▶ **Problem**
Print all the data below exactly, without images.

▶ **Record extracts**
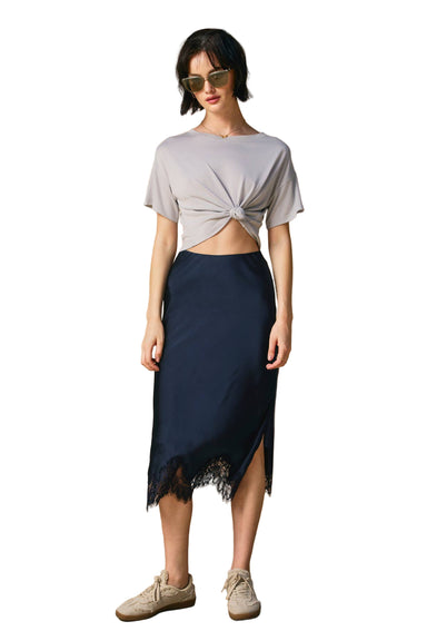This satin midi skirt features a pull-on style with an elastic waistband for easy wear. Its A-line silhouette is complemented by a delicate lace he...
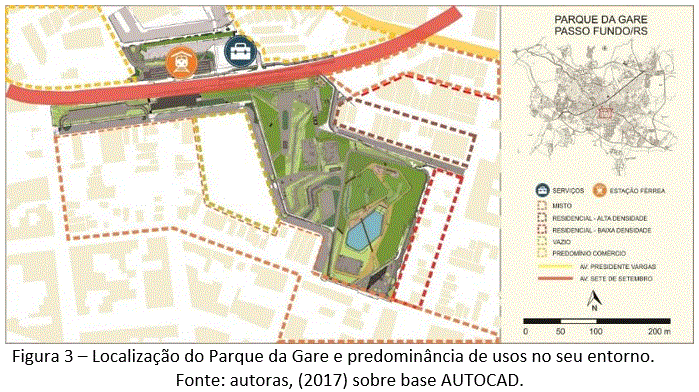 Com área de 72 mil m² (PMPF, 2016)[4], o Parque da Gare está inserido na malha urbana de Passo Fundo e é circundado por grande diversidade de usos e ocupações do solo. A Figura 3 apresenta a relação entre estes usos e sua proximidade com o Parque, com destaque para a antiga Estação Ferroviária e serviços institucionais.
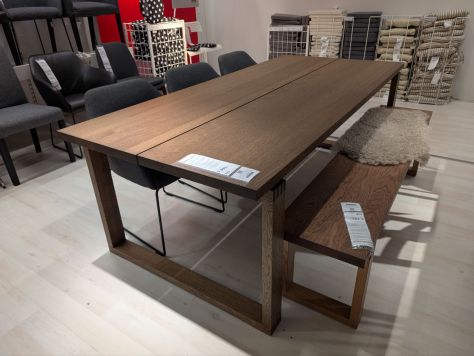 Smet även inom Panduro för att köpa en limpistol också, något som saknats mellan varven. Vidare in på IKEA … tittade lite på matbord och soffor. Detta matbordet vill jag ha! Det är rätt stort, så jag får se om ett sånt här kommer få plats där jag kommer bo, men undrar lite om man kanske kan bygga ett själv? Det ser ju ut att vara ganska enkelt, vad tror ni? Viktigast är att det får inte vara mindre än 100 cm brett. Snyggt med bänk till också.
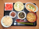 五目炊き込みごはん、味噌汁(白菜、あげ、椎茸、万能ネギ)、豆腐挽肉あんかけ(万能ネギ)、とうがんカニカマあんかけ、もずく酢(キュウリ)、うずら豆煮、フルーツ:大玉スイカ |
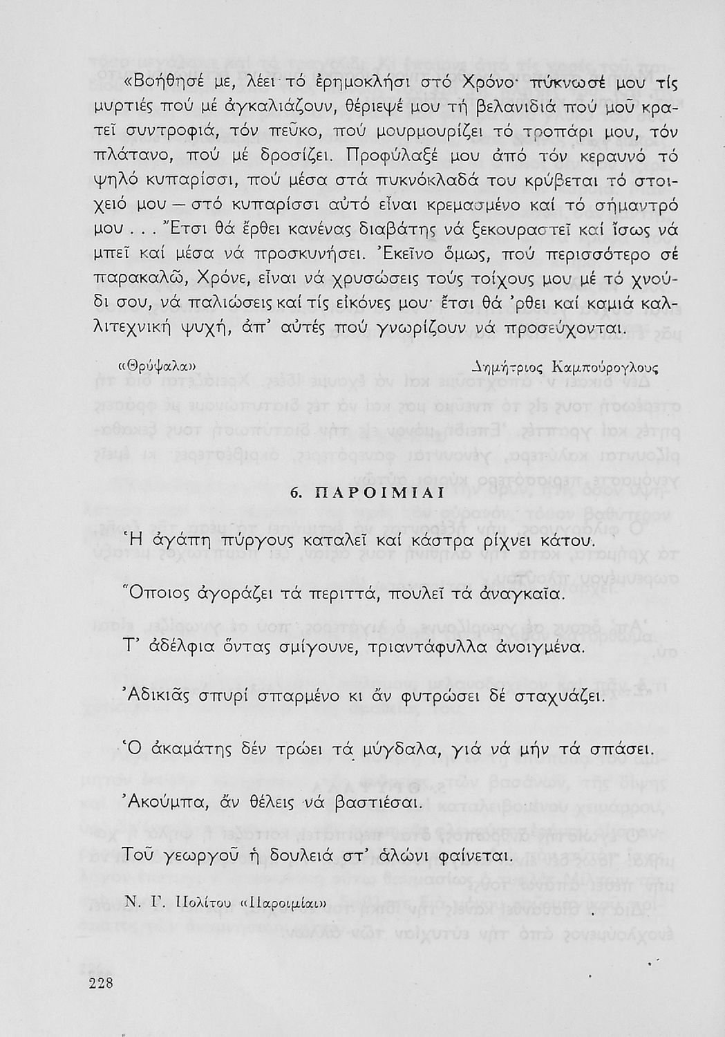 Σχολικό εγχειρίδιο Νέων Ελληνικών ΣΤ΄ Γυμνασίου και Λυκείου που περιλαμβάνει κείμενα Ελλήνων και ξένων συγγραφέων με θέματα από την σύγχρονη ελληνική ιστορία και την οικογενειακή και θρησκευτική ζωή, και ...
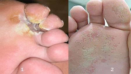 - появление шероховатостей на ступнях и между пальцами;
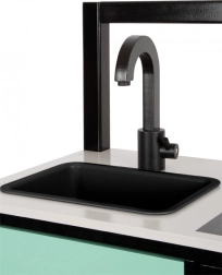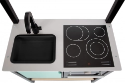 Pentru o experiență de joc maximă, nu lipsesc bateria cu pârghie pentru „reglarea temperaturii”, chiuveta din plastic detașabilă pentru „spălatul vaselor” și cuptorul cu tavă detașabilă. Fundul poliței poate fi folosit ca grătar. Dulăpiorul de sub blat și cârligele pentru ustensile mențin ordinea, iar partea stângă a dulăpiorului poate fi transformată cu ușurință în „frigider” sau „mașină de spălat vase”.
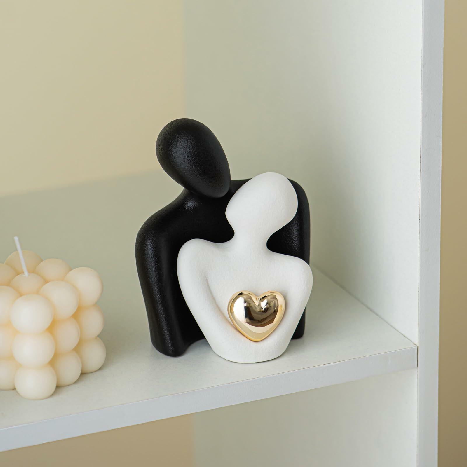 - Intimate Aesthetic Appeal: Celebrate togetherness with the 'hugging couple statue', perfect as an porcelain anniversary gift for couples. Its elegant ceramic and the central gold heart detail embody a timeless bedroom dresser decor for couples, inviting romance into your space.
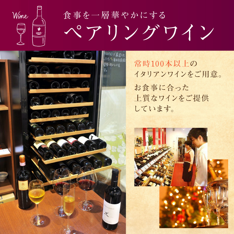 このペアコースお食事券では、泉州の食材を取り入れたイタリア料理とワインがセットで召し上がっていただけます。
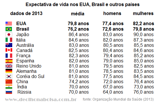 que falaremos primeiro. A expectativa de vida por lá, média entre ambos os sexos, é de aproximadamente 80
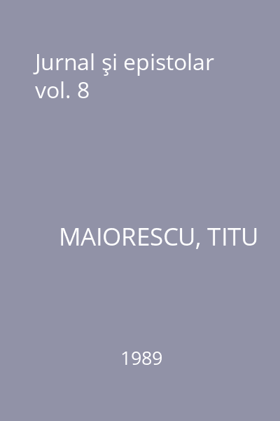 | Titlu | Jurnal şi epistolar vol. 8 |
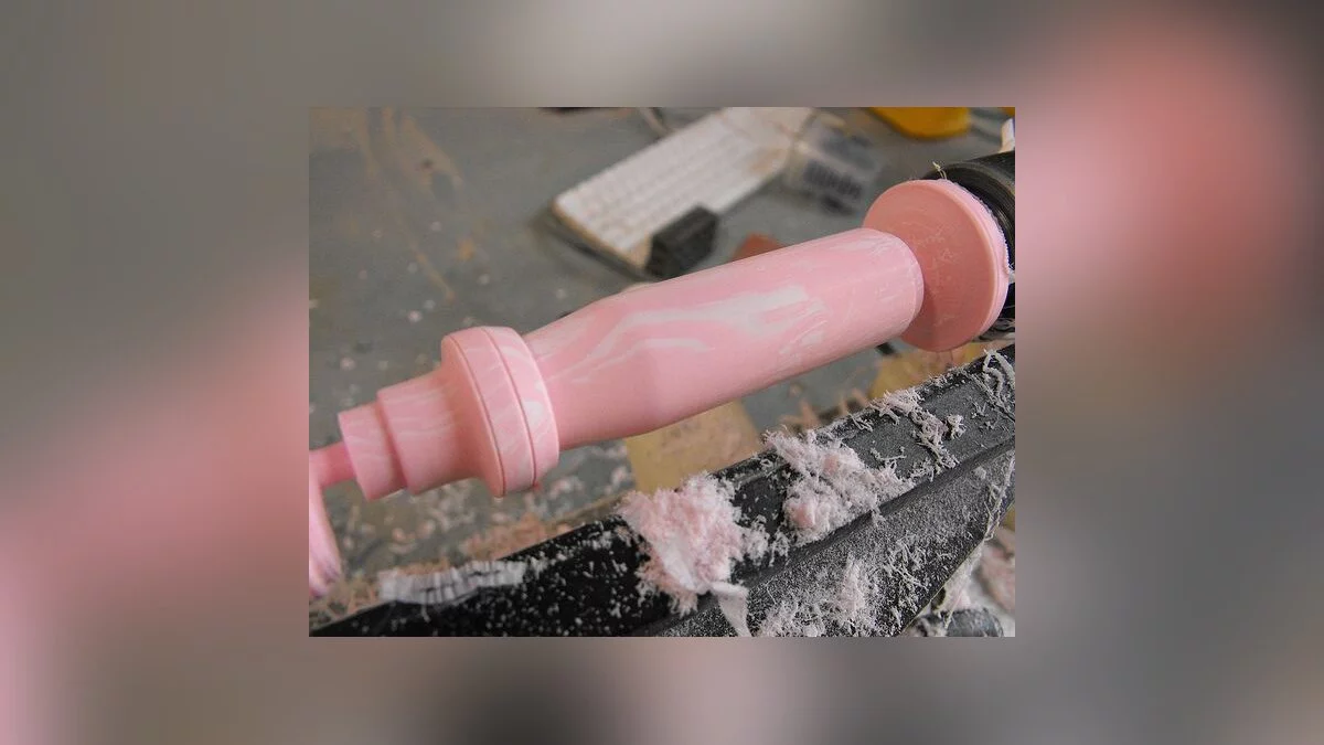 С рукоятью пришлось повозиться. В концепт-арте на рукояти было пять прорезей по всему периметру. Поэтому было решено разрезать рукоять, а затем склеить ее заново, вставляя между каждой частью тонкую прокладку.
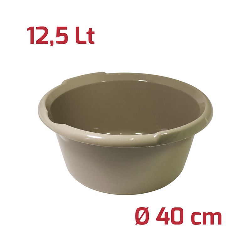 Bacinella Isi rotonda in PP mocha. Dal design innovativo, originale e dotata di maniglie confortevoli è sempre utile sia in ambienti domestici che professionali. Grazie al beccuccio è ancora più facile svuotarla dai liquidi. Può essere usata per la biancheria, per le pulizie, per la raccolta di frutta e verdura… Realizzata in materiale resistente, è semplice e veloce da pulire grazie alla superficie lucida. Dimensioni: Ø 40 x h 18 cm / 12,5 Lt
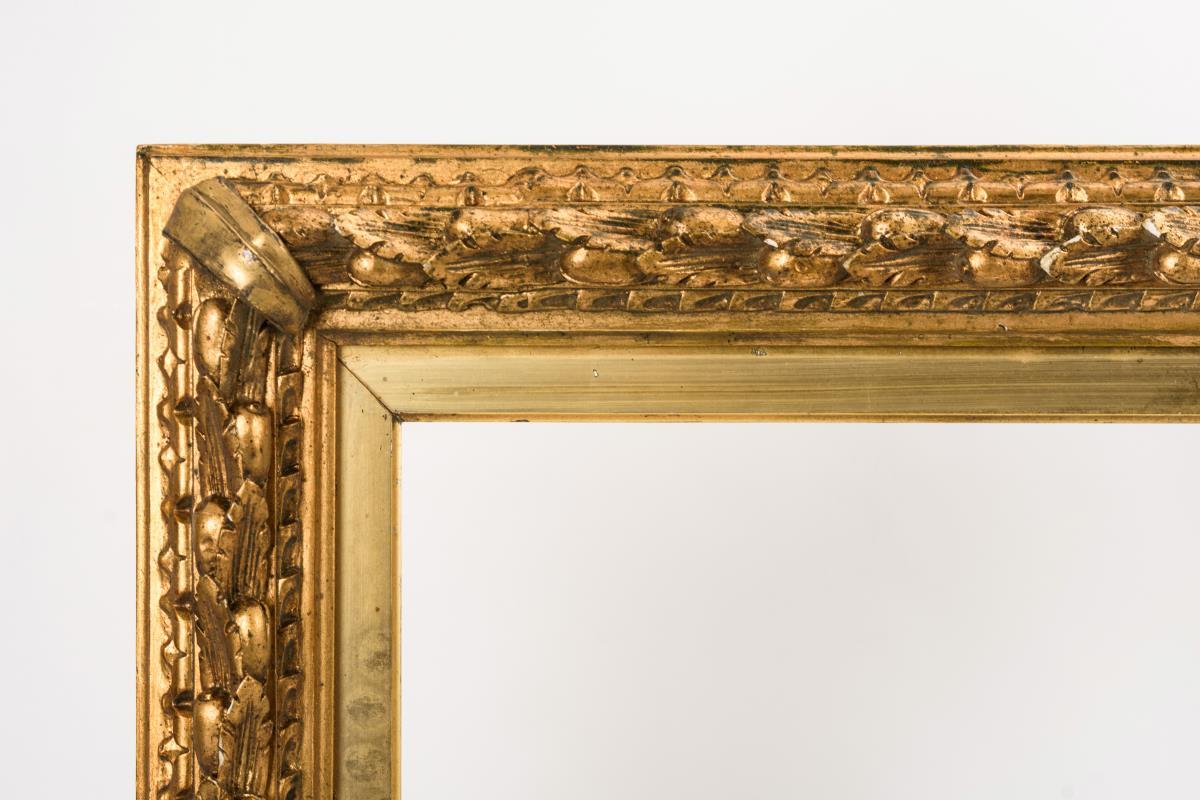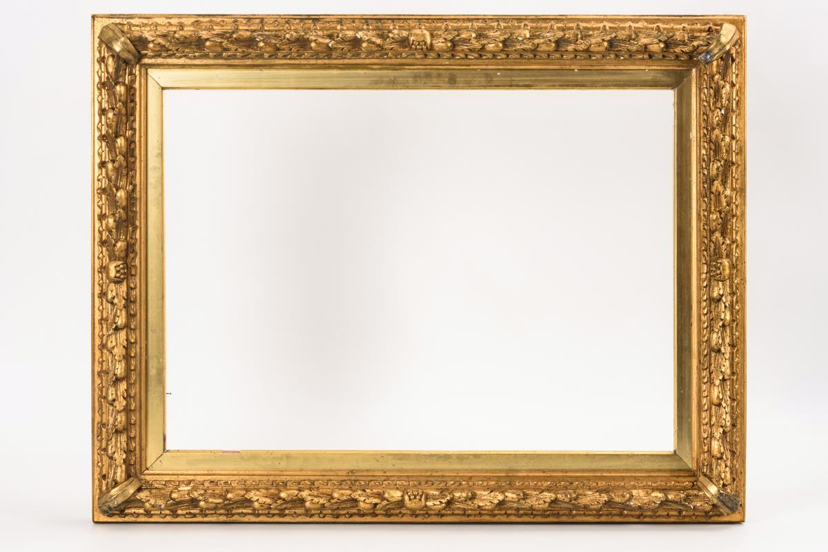 Holz, Stuck, Goldbronzierung. 89 x 69 cm, Falzmaß 70,5 x 50,5 cm, Bildmaß 69 x 49 cm.
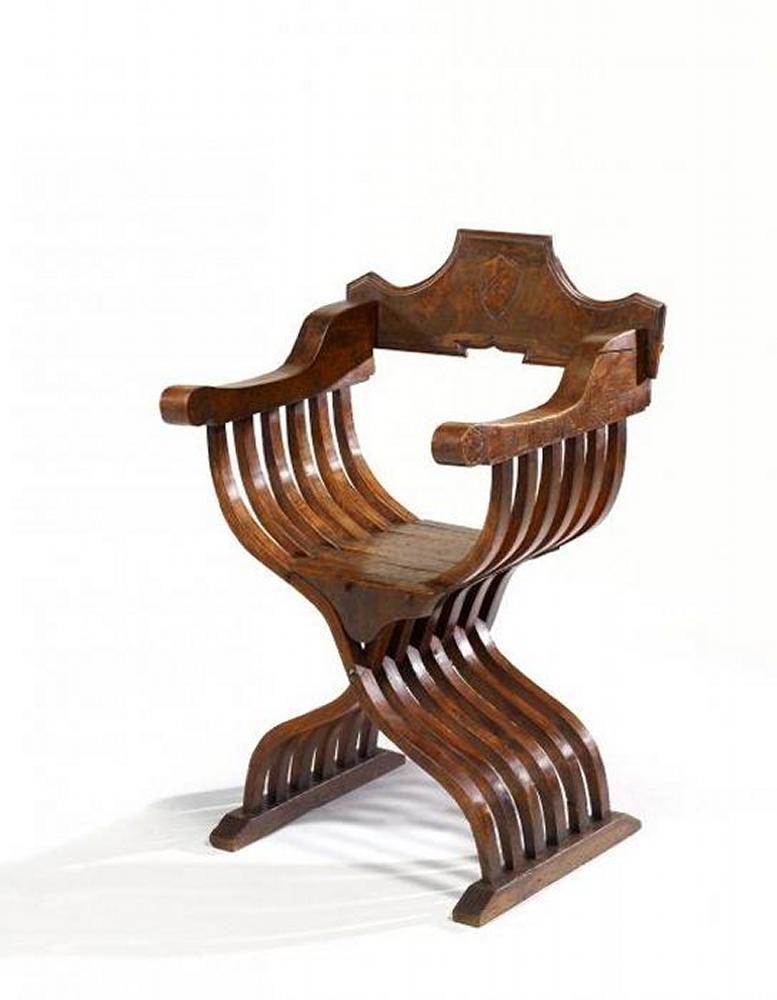 Eiche geschnitzt. Klappbares Scherengestell mit geometrischem und floralem Dekor. Wappen auf Lehne. Höhe 103cm. Zustand C.
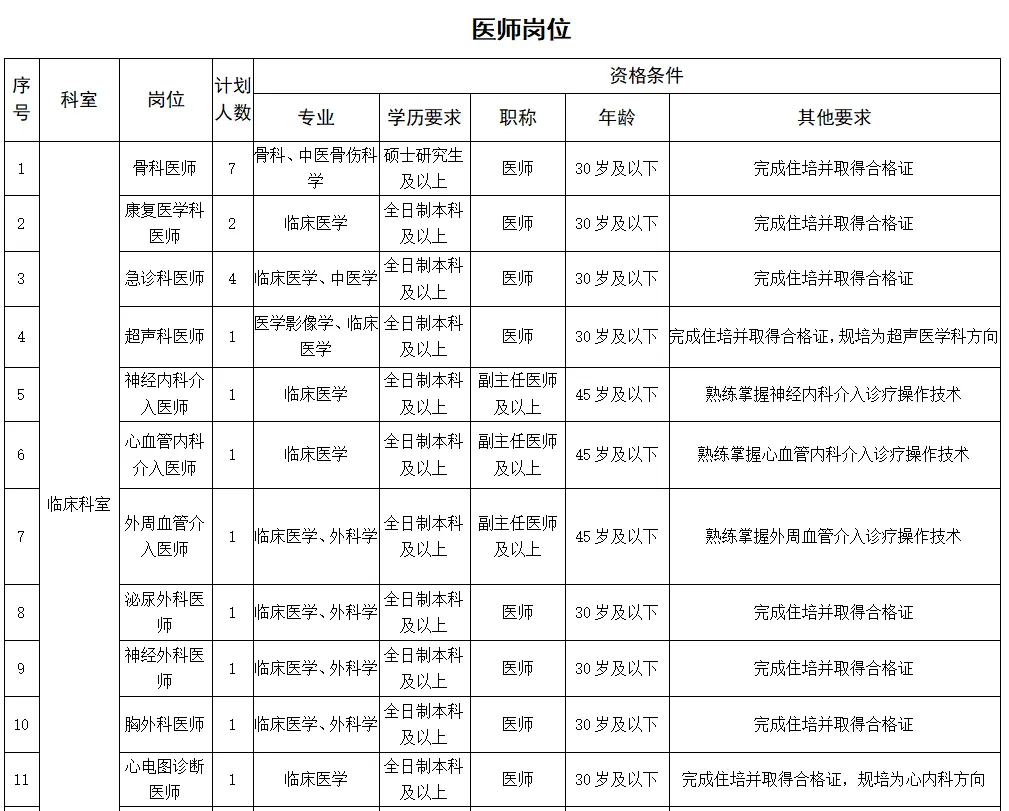 備注:醫(yī)學(xué)類碩士研究生及以上學(xué)歷、醫(yī)學(xué)類副高及以上職稱者不受招聘專業(yè)及名額限制。
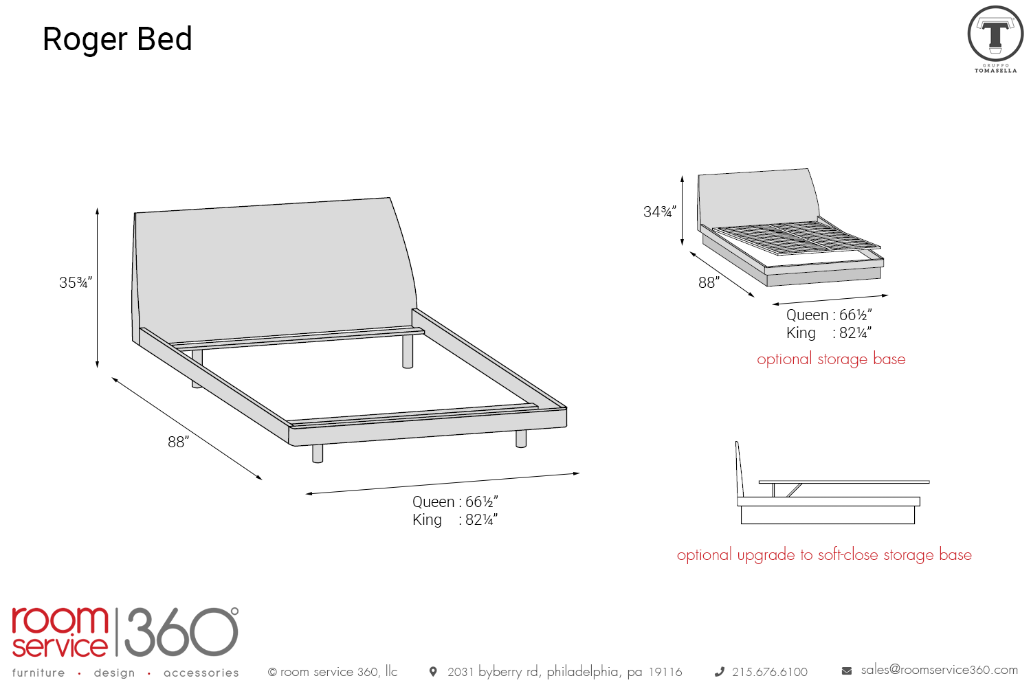 - Queen: 66¼"W × 88" D × 35¾"H
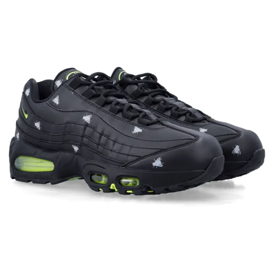 De Nike Air Max 95 PRM vernieuwt het iconische silhouet dat is geïnspireerd op de anatomie met gelaagd synthetisch leer en mesh, en opvallende neongele accenten. Zichtbare Air demping en een gewatteerde middenzool zorgen voor de hele dag comfort met een street-ready stijl. Belangrijkste kenmerken: Zwart | Neon geel | Synthetisch leer en mesh | Zichtbare Air units in de hak en voorvoet | Gewatteerde foam middenzool | Rubberen buitenzool voor grip | Vetersluiting | Gewatteerde kraag | Webbing vetersysteem | Golvend gelaagd bovenwerk | Neon gele contrast accenten | Vliegenprint | Swoosh logo op de zijkant | Samenstelling & onderhoud: Synthetisch leer | Mesh | Foam middenzool | Rubberen buitenzool
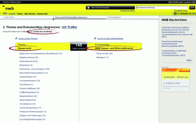 [i]Volltextsuche nach „Sonderabschreibung”Sie suchen Informationen zur Sonderabschreibung nach § 7g EStG und geben unter „Suche nach” das Stichwort „Sonderabschreibung” in das Suchfeld ein. Nachdem Sie die Schaltfläche „Go!” angeklickt haben, zeigt Ihnen die NWB Waage keine unübersichtliche Trefferliste an, sondern hält neue Navigationsoptionen für Ihre Suche bereit.

▶ **Solution to the problem**
This satin midi skirt features a pull-on style with an elastic waistband for easy wear. Its A-line silhouette is complemented by a delicate lace he...
 Com área de 72 mil m² (PMPF, 2016)[4], o Parque da Gare está inserido na malha urbana de Passo Fundo e é circundado por grande diversidade de usos e ocupações do solo. A Figura 3 apresenta a relação entre estes usos e sua proximidade com o Parque, com destaque para a antiga Estação Ferroviária e serviços institucionais.
 Smet även inom Panduro för att köpa en limpistol också, något som saknats mellan varven. Vidare in på IKEA … tittade lite på matbord och soffor. Detta matbordet vill jag ha! Det är rätt stort, så jag får se om ett sånt här kommer få plats där jag kommer bo, men undrar lite om man kanske kan bygga ett själv? Det ser ju ut att vara ganska enkelt, vad tror ni? Viktigast är att det får inte vara mindre än 100 cm brett. Snyggt med bänk till också.
 五目炊き込みごはん、味噌汁(白菜、あげ、椎茸、万能ネギ)、豆腐挽肉あんかけ(万能ネギ)、とうがんカニカマあんかけ、もずく酢(キュウリ)、うずら豆煮、フルーツ:大玉スイカ |
 Σχολικό εγχειρίδιο Νέων Ελληνικών ΣΤ΄ Γυμνασίου και Λυκείου που περιλαμβάνει κείμενα Ελλήνων και ξένων συγγραφέων με θέματα από την σύγχρονη ελληνική ιστορία και την οικογενειακή και θρησκευτική ζωή, και ...
 - появление шероховатостей на ступнях и между пальцами;
 Pentru o experiență de joc maximă, nu lipsesc bateria cu pârghie pentru „reglarea temperaturii”, chiuveta din plastic detașabilă pentru „spălatul vaselor” și cuptorul cu tavă detașabilă. Fundul poliței poate fi folosit ca grătar. Dulăpiorul de sub blat și cârligele pentru ustensile mențin ordinea, iar partea stângă a dulăpiorului poate fi transformată cu ușurință în „frigider” sau „mașină de spălat vase”.
 - Intimate Aesthetic Appeal: Celebrate togetherness with the 'hugging couple statue', perfect as an porcelain anniversary gift for couples. Its elegant ceramic and the central gold heart detail embody a timeless bedroom dresser decor for couples, inviting romance into your space.
 このペアコースお食事券では、泉州の食材を取り入れたイタリア料理とワインがセットで召し上がっていただけます。
 que falaremos primeiro. A expectativa de vida por lá, média entre ambos os sexos, é de aproximadamente 80
 | Titlu | Jurnal şi epistolar vol. 8 |
 С рукоятью пришлось повозиться. В концепт-арте на рукояти было пять прорезей по всему периметру. Поэтому было решено разрезать рукоять, а затем склеить ее заново, вставляя между каждой частью тонкую прокладку.
 Bacinella Isi rotonda in PP mocha. Dal design innovativo, originale e dotata di maniglie confortevoli è sempre utile sia in ambienti domestici che professionali. Grazie al beccuccio è ancora più facile svuotarla dai liquidi. Può essere usata per la biancheria, per le pulizie, per la raccolta di frutta e verdura… Realizzata in materiale resistente, è semplice e veloce da pulire grazie alla superficie lucida. Dimensioni: Ø 40 x h 18 cm / 12,5 Lt
 Holz, Stuck, Goldbronzierung. 89 x 69 cm, Falzmaß 70,5 x 50,5 cm, Bildmaß 69 x 49 cm.
 Eiche geschnitzt. Klappbares Scherengestell mit geometrischem und floralem Dekor. Wappen auf Lehne. Höhe 103cm. Zustand C.
 備注:醫(yī)學(xué)類碩士研究生及以上學(xué)歷、醫(yī)學(xué)類副高及以上職稱者不受招聘專業(yè)及名額限制。
 - Queen: 66¼"W × 88" D × 35¾"H
 De Nike Air Max 95 PRM vernieuwt het iconische silhouet dat is geïnspireerd op de anatomie met gelaagd synthetisch leer en mesh, en opvallende neongele accenten. Zichtbare Air demping en een gewatteerde middenzool zorgen voor de hele dag comfort met een street-ready stijl. Belangrijkste kenmerken: Zwart | Neon geel | Synthetisch leer en mesh | Zichtbare Air units in de hak en voorvoet | Gewatteerde foam middenzool | Rubberen buitenzool voor grip | Vetersluiting | Gewatteerde kraag | Webbing vetersysteem | Golvend gelaagd bovenwerk | Neon gele contrast accenten | Vliegenprint | Swoosh logo op de zijkant | Samenstelling & onderhoud: Synthetisch leer | Mesh | Foam middenzool | Rubberen buitenzool
 [i]Volltextsuche nach „Sonderabschreibung”Sie suchen Informationen zur Sonderabschreibung nach § 7g EStG und geben unter „Suche nach” das Stichwort „Sonderabschreibung” in das Suchfeld ein. Nachdem Sie die Schaltfläche „Go!” angeklickt haben, zeigt Ihnen die NWB Waage keine unübersichtliche Trefferliste an, sondern hält neue Navigationsoptionen für Ihre Suche bereit.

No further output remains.